The list stands as a stark reminder of both the reach of United States antitrust enforcement and the persistence of federal enforcers in pursuing individuals accused of violating United States antitrust laws. With a new administration in place in the United States, one open question with regard to these fugitives will be the extent of any pressure that the United States exerts on foreign governments to extradite these individuals in an effort to change the calculus of foreign nationals. Historically, many foreigners charged with antitrust crimes in the United States have chosen to stay within the confines of their home country rather than submit to United States jurisdiction, either to stand trial or plead guilty. In addition to outstanding arrest warrants in the United States, antitrust defendants considered fugitives are routinely placed on Interpol’s Red Notice list, which requests that Interpol member nations provisionally arrest individuals pending their extradition to the United States.
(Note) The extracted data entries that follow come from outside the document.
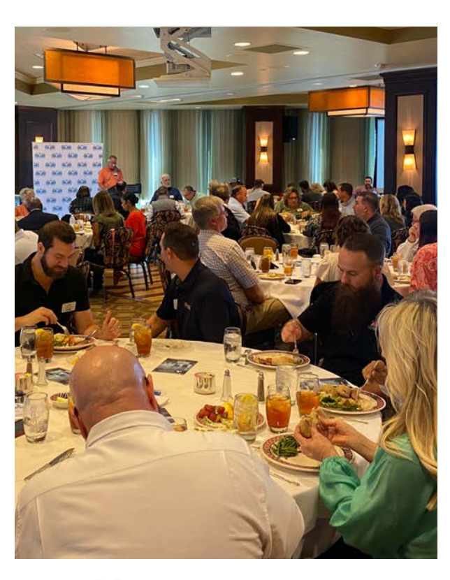
Monthly Meetings 2024
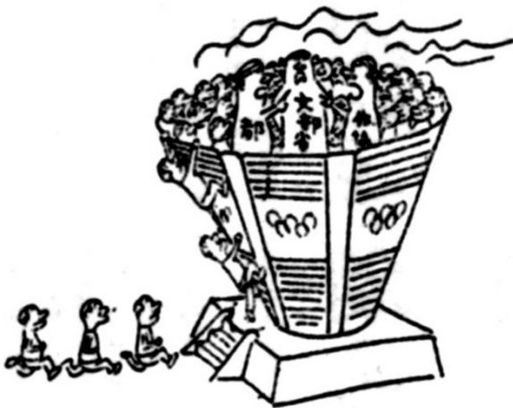
The Ministry of Education in the middle of the cauldron for the Olympic fire discussion with the metropolitan government and the Tokyo Organizing Committee ( Asahi Shinbun 1959, Month, Page).

infrastructural requirements of hosting the Olympic Games without extensive state support. The key role assumed by the Ministry of Education was expressed by a political cartoon that appeared in the Asahi Shinbun , which placed the Ministry in the middle of the cauldron for the Olympic flame while the city and the Organizing Committee are trying to make their points from opposite sides.
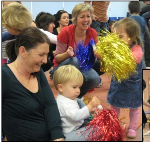
Mums, Dads and caregivers join in the action
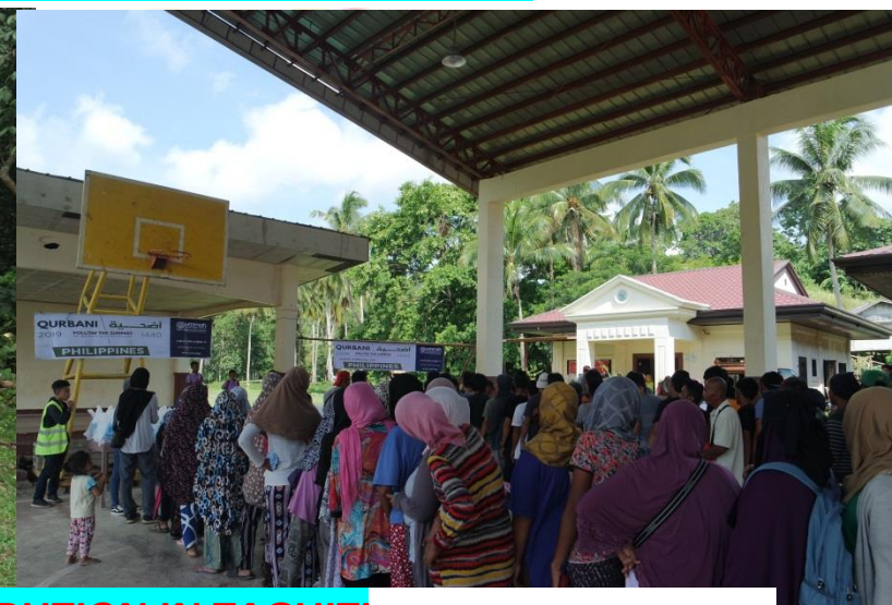
DAY 2: DISTRIBUTION IN TAGUTI

At the same time, DOJ launched a webpage encouraging fugitives to seek resolution of their cases, which included a video testimonial from a convicted foreign national who ultimately submitted to United States jurisdiction and pled guilty after five years as fugitive.
Enforcers to continue focus on labor markets. Reflecting the global trend of using antitrust laws to protect workers, and signaling the new administration’s intent to maintain an enforcement priority of prior administrations, the new chair of the Federal Trade Commission (FTC) directed the agency to form a task force to investigate and challenge anticompetitive conduct that impacts workers.
Stressing the importance of the FTC’s authority to protect “American consumers in their role as workers,” Chairman Andrew Ferguson directed the task force to coordinate resources across the FTC’s competition, consumer protection, and economics units to challenge “deceptive, unfair, and anticompetitive employer labor practices that drive down what [workers] earn for their labor.”
While the FTC task force is a new development, it continues a nearly decade-long, bipartisan trend of using federal antitrust laws to protect workers from practices like “no-poach,” wage-fixing, and noncompete agreements. This includes the FTC and the DOJ’s recent updates to their Antitrust Guidelines for Business Activities Affecting Workers, which replaced and significantly expanded upon the agencies’ 2016 Antitrust Guidance for Human Resource Professionals.
For businesses that maintain a workforce in the United States, these developments underscore the importance of ensuring antitrust compliance with regard to the human resources function.